The Importers and Wholesalers Association (IWA) of Personal Protective Equipment (PPE) Ghana has expressed concern about the influx of substandard face shields on the Ghanaian market.

To this end, the group has called on Ghanaians to be wary about the quality of face shields they purchase from the market.

At a press conference in Accra yesterday, the Public Relations Officer (PRO) of IWA, Mr Kelvin King-Dawie, said a proper face shield should be medicated and contain 180-degree full face protection, full eye protection, clear polyethylene terephthalate (PET)  acrylic shield, anti-fog material, cleanable and reusable.

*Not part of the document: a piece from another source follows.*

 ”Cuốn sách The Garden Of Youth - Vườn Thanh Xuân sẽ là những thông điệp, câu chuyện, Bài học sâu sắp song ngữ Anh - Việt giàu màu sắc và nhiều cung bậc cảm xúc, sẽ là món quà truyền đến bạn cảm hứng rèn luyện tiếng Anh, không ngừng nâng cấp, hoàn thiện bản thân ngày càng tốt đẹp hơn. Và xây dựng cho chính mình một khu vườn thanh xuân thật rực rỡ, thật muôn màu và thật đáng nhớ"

 “The public should note that medically-approved face shield is one produced with PET; the short for polyethylene terephthalate and medical name for polyester,” he said.

He, therefore, urged the public to patronise only PET face shields.

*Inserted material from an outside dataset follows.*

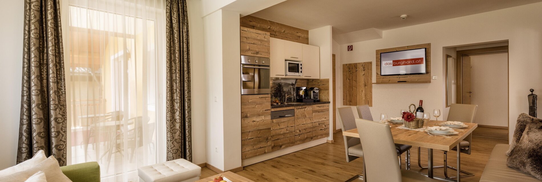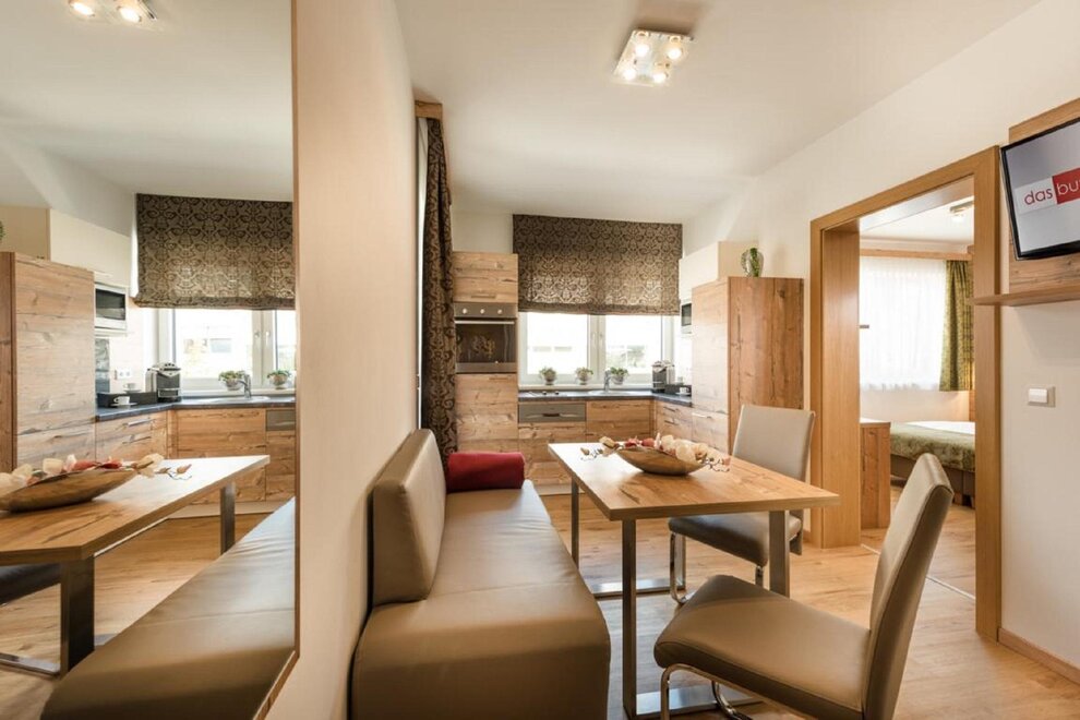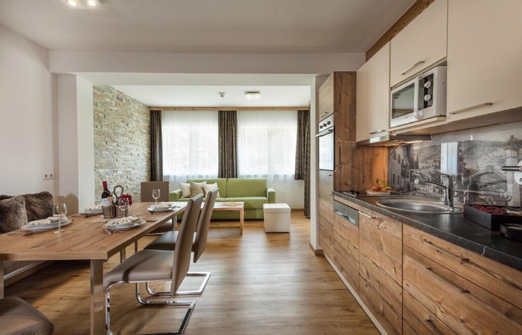 Prostorné, světlé a ideální pro rodiny. Apartmán Wagrain (73,6 m²) nabízí dvě ložnice, velkou kuchyň, prosvětlený obývací prostor s jídelním stolem a rozkládací pohovkou, stejně jako vaši osobní infrasaunu. Pohodlné bydlení s prostorem.

He added that most of the face shields being sold currently on the market places could be harmful to the health of users because they are not PET-based.

Mr King-Dawie said the flooding of the market with low quality face shields had negatively affected the business of IWA members who were involved in the supply and distribution of genuine face shields.

“The market has been infiltrated with sub-standard face shields selling at low prices and thus affecting the supply and distribution of genuine face shields on the market,” he added.

He further added that it had become imperative for people to use a standardised protective equipment to aid the fight against spread of the coronavirus disease. 

“Considering the dynamics  of  the coronavirus and other air-borne communicable diseases with their associated preventive protocols, it has become imperative for people to find enhanced protective equipment against direct contacts with the agents of the virus transmission like cough, sneeze, saliva and mucus, while ensuring other instituted protocols ,” Mr King-Dawie added.

“The face shield is therefore a great defence as it is designed to trap droplets on the shield. By having both the susceptible person and the infectious source in [the] face shield, the transmission rates will moderately be decreased, especially in social settings,” he added.

The group, Mr King-Dawie said, would engage the government and stakeholders in the health sector to set standards for the sale and proper use of the face shields as the world battled to curb infection rates of the COVID-19.